El claro-oscuro económico de nuestro tiempo es cada vez más marcado. La vulnerabilidad del crecimiento económico, claramente volátil y disperso es clara para el país. El empuje inicial de la industria y la agricultura se ha desacelerado, e inclusive tiende a revertirse en los últimos meses, al tiempo que los servicios crecen a tasas moderadas y sostienen aún el indicador en niveles positivos posteriores a la crisis, pero mucho menos ambiciosos a los proyectados por las autoridades del Banco Central al iniciar 2011.
Las autoridades del Central y del Gobierno se tropiezan con una economía mundial que no termina por recuperar su rumbo, al tiempo que se elevan los precios del petróleo y de los alimentos al calor de nuevos conflictos bélicos y mayor vulnerabilidad de la oferta energética y alimentaria global.
Lo anterior pone en vilo el crecimiento de Costa Rica, una economía con alta vulnerabilidad en lo fiscal, fuertes presiones a la apreciación cambiaria y que no ha podido, a diferencia de nuestro vecino del sur, desatar los nudos de la tramitomanía y la burocracia en materia de inversiones públicas estratégicas que estimulen el crecimiento.

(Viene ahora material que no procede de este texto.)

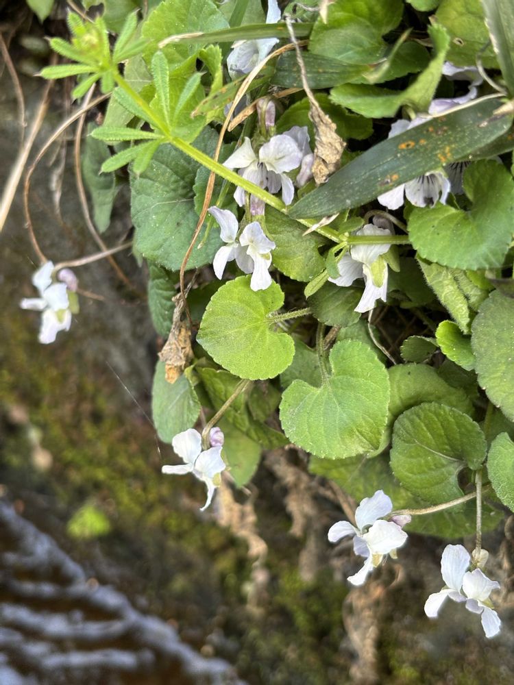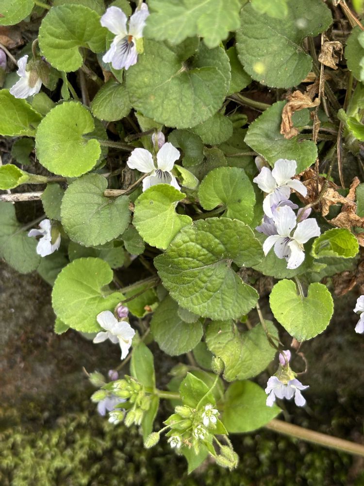 アオイスミレの道を挟んだ反対側にコスミレが何株か咲いていたのを根こそぎ盗っていかれました。

En 2009 y 2010 la economía creció de nuevo al amparo del gasto público y con mayores márgenes de endeudamiento externo, sin embargo, la presión fiscal es insostenible entre otros aspectos, por la espiral salarial pública y la debilidad en la gestión tributaria. En 2011 se inician las políticas contra cíclicas de ajuste en lo fiscal, tendientes a equilibrar las finanzas públicas, esto restringe los márgenes de expansión en la demanda interna pública para lo que resta de la administración Chinchilla, de no contarse con un milagroso acuerdo en materia de nuevos impuestos.
Por el lado de la oferta, pareciera que la fortaleza expansiva de las exportaciones sigue siendo muy vulnerable ante la apreciación cambiaria y los estrechos márgenes de expansión de la economía mundial. El turismo y el comercio internos, si bien parecen fortalecerse luego de un largo estancamiento de casi dos años, no muestran fortalezas suficientes para sostener a mediano plazo la tendencia del crecimiento económico.
Estamos de nuevo en la disyuntiva entre crecimiento y estabilidad, tan trillada en el acontecer económico de los últimos treinta años. Ni el milagro exportador prometido al calor de las luchas del TLC, ni el gasto de gobierno salvador al amparo de la crisis económica, han podido generar un despegue fuerte de nuestro crecimiento económico.
Apuntar en serio a la inversión en ciencia y tecnología es sin duda la única respuesta que queda si se mira el horizonte y la experiencia internacional, pero tampoco es fácil de ejecutar, sin un fortalecimiento de la institucionalidad y un plan claro y estratégico para el sector. En tanto, nuestro crecimiento sigue en vilo.